### Data provided:
-.-.-
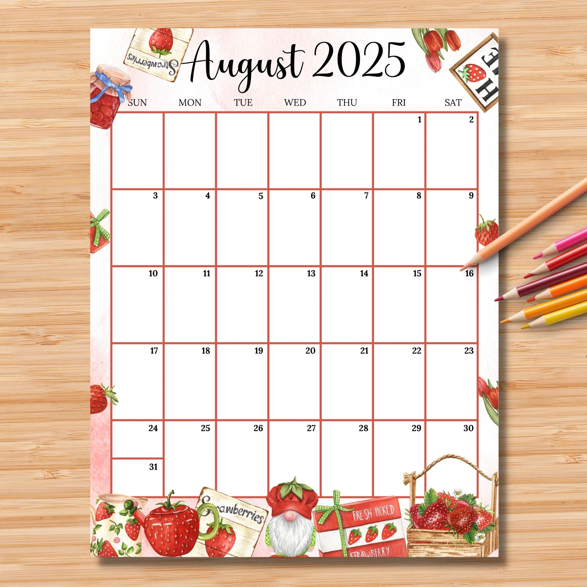 EDITABLE August 2025 Calendar vertical portrait Sweet Summer W Strawberry Gnome Monthly Schedule For Kids School Home Work Office Etsy
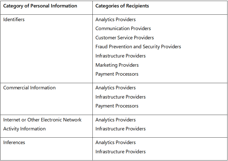 Vendors and contractors provide hosting, analytics, ad delivery, payment processing, and customer support. Contracts limit use to authorized purposes.
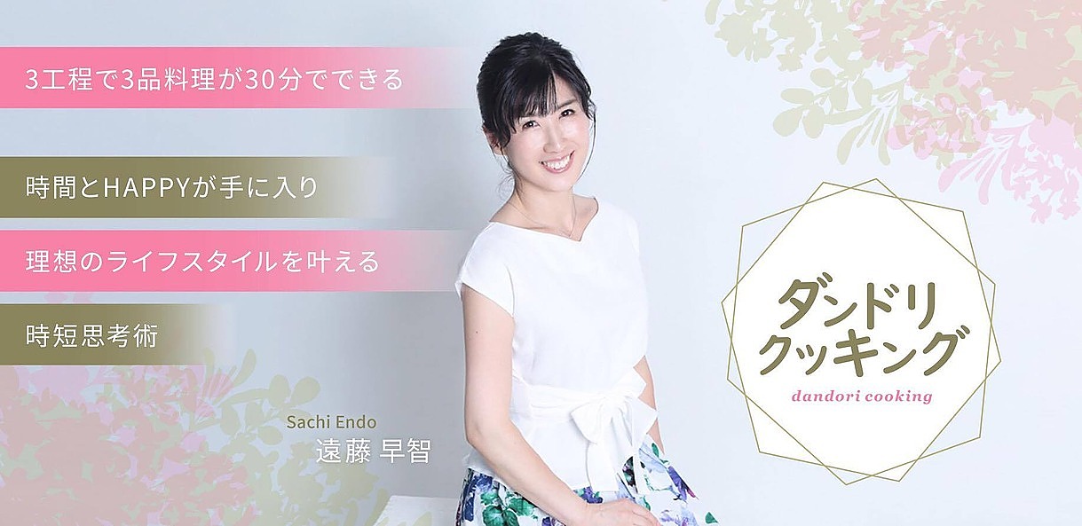 遠藤早智さんは、時間がなく料理が憂うつな人に、美味しく栄養価の高い料理3品を30分で作れる方法を伝授する「時短料理マイスター®」!家庭料理は勿論、パーティ料理や本格和食も30分で3品作れる「ダンドリクッキング」を、22年間で延べ 7000名以上に指導し、時間と心に余裕ができるようにサポート。
-.-.-
### Task brief:
Please make an exact copy of the whole listing and leave out its pictures.

### Exercise answer:
 EDITABLE August 2025 Calendar vertical portrait Sweet Summer W Strawberry Gnome Monthly Schedule For Kids School Home Work Office Etsy
 Vendors and contractors provide hosting, analytics, ad delivery, payment processing, and customer support. Contracts limit use to authorized purposes.
 遠藤早智さんは、時間がなく料理が憂うつな人に、美味しく栄養価の高い料理3品を30分で作れる方法を伝授する「時短料理マイスター®」!家庭料理は勿論、パーティ料理や本格和食も30分で3品作れる「ダンドリクッキング」を、22年間で延べ 7000名以上に指導し、時間と心に余裕ができるようにサポート。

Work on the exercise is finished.